With the pictures set aside, return the lines below exactly, beginning at the first and ending at the line containing "今日は残念ながら、みんなが楽".

Data segment -
★ ★ ★ ★ ★ ★ ★

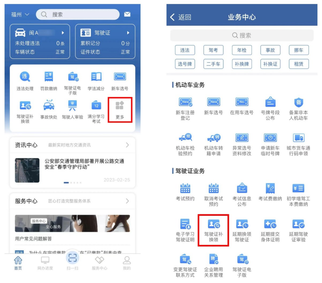 注册登录“交管12123”APP → 更多业务 → 业务中心 → 驾驶证业务 → 驾驶证补换领。
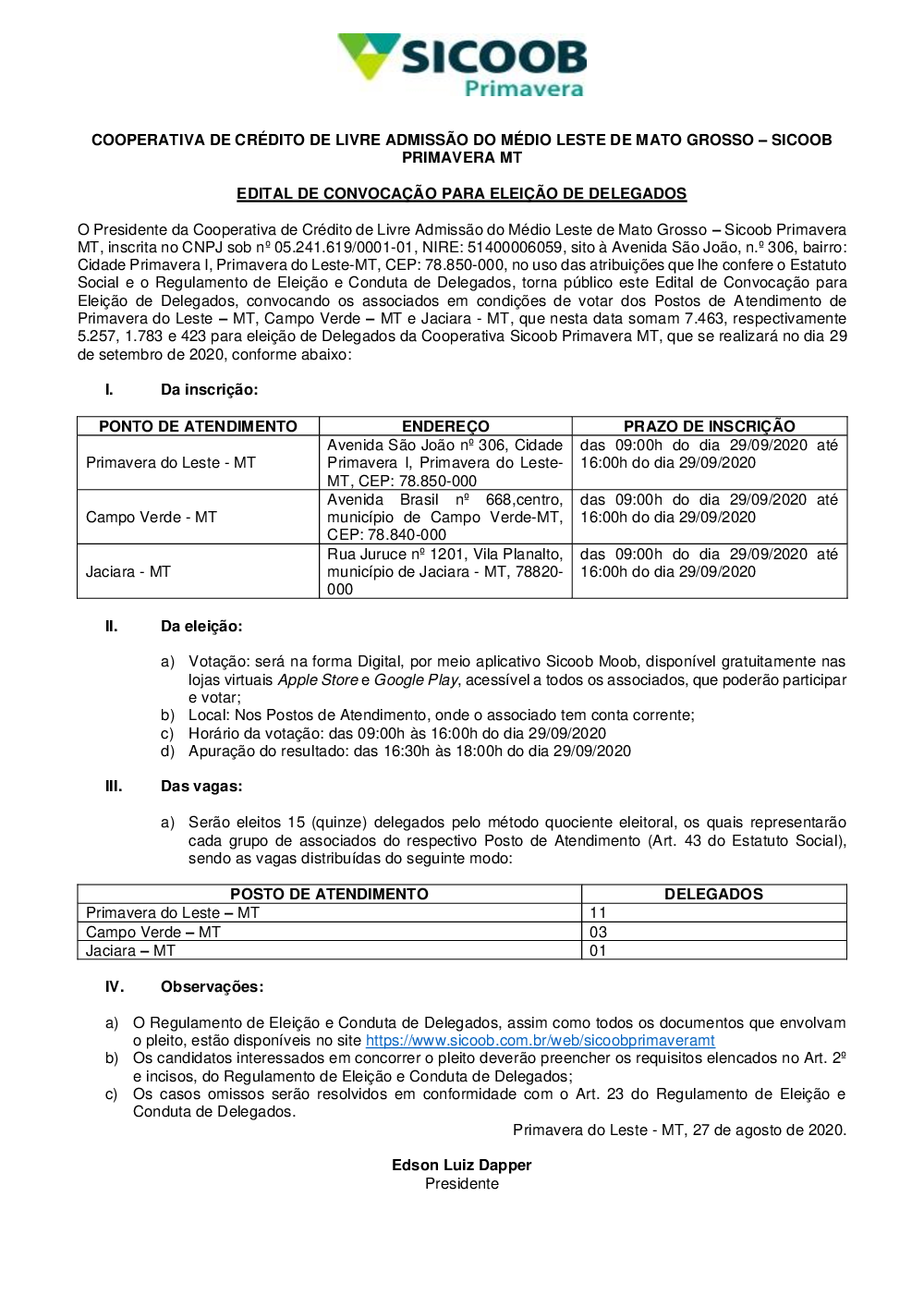 - Eleição de Delegados
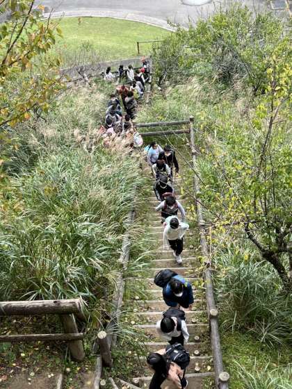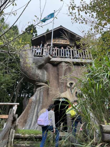 今日は残念ながら、みんなが楽しみにしていた「冒険の森」で楽しむことができませんでした。でも、夕食までに時間ができたので、冒険の森にある「大樹くん」という展望台にのぼりました。
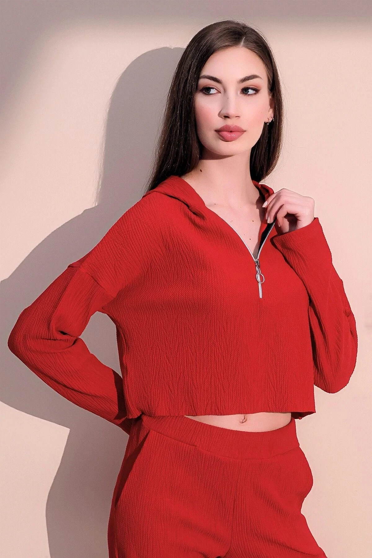 Bu muhteşem sweatshirt bluz, göz alıcı kırmızı renkte tasarlanmıştır.; Renk seçimi, enerji dolu ve canlı bir görünüm sunarak tarzınıza hareket katmaktadır.; Üstün kaliteli malzeme seçimiyle üretilmiştir ve kumaş içeriği %95 Polyester ve %5 Elastane'den oluşmaktadır.; Polyester, dayanıklı ve esnek yapısıyla giyim konforunu en üst seviyeye taşırken, Elastane eklenerek sweatshirtün şeklini koruması ve hareket özgürlüğü sağlanmıştır.; Bu sweatshirt bluzda kendinden desenli bir tasarım yer almaktadır.; Şık ve dikkat çekici desenler, ürünün benzersizliğini vurgulamakta ve tarzınıza özgünlük katmaktadır.; Kendinden desenli olması sayesinde ayrıca herhangi bir ekstra aksesuar veya süslemeye ihtiyaç duymazsınız, tek başına dikkat çekici bir görünüm sunar.; Bluzun uzun kol ve fermuarlı kapüşonlu tasarımı, hem şıklığı hem de işlevselliği bir araya getirir.; Uzun kollar, üstün konfor ve sıcaklık sağlarken, fermuarlı kapüşon, soğuk havalarda ek koruma sağlar ve stilinizi tamamlar.; Bu sweatshirt bluz, bir crop kesime sahiptir, yani bel hizasında sonlanır.; Bu modern kesim, tarzınıza genç ve trend bir hava katar.; Crop tasarımı, yüksek bel pantolonlar veya eteklerle mükemmel bir uyum sağlayarak çarpıcı bir kombin oluşturmanızı sağlar.; Özetlemek gerekirse, bu kırmızı renkli sweatshirt bluz, %95 Polyester ve %5 Elastane kumaş içeriğiyle üstün konfor sağlar.; Kendinden desenli tasarımıyla benzersiz bir tarz sunarken, uzun kol ve fermuarlı kapüşonu ile işlevselliği ön planda tutar.; Crop kesimiyle modern ve trend bir görünüm elde etmenizi sağlar.; Bu sweatshirt bluz, gardırobunuzun vazgeçilmez bir parçası olacak ve her seferinde şıklığınızı ön plana çıkaracaktır.

★ ★ ★ ★ ★ ★ ★

Task answer -
 注册登录“交管12123”APP → 更多业务 → 业务中心 → 驾驶证业务 → 驾驶证补换领。
 - Eleição de Delegados
 今日は残念ながら、みんなが楽しみにしていた「冒険の森」で楽しむことができませんでした。でも、夕食までに時間ができたので、冒険の森にある「大樹くん」という展望台にのぼりました。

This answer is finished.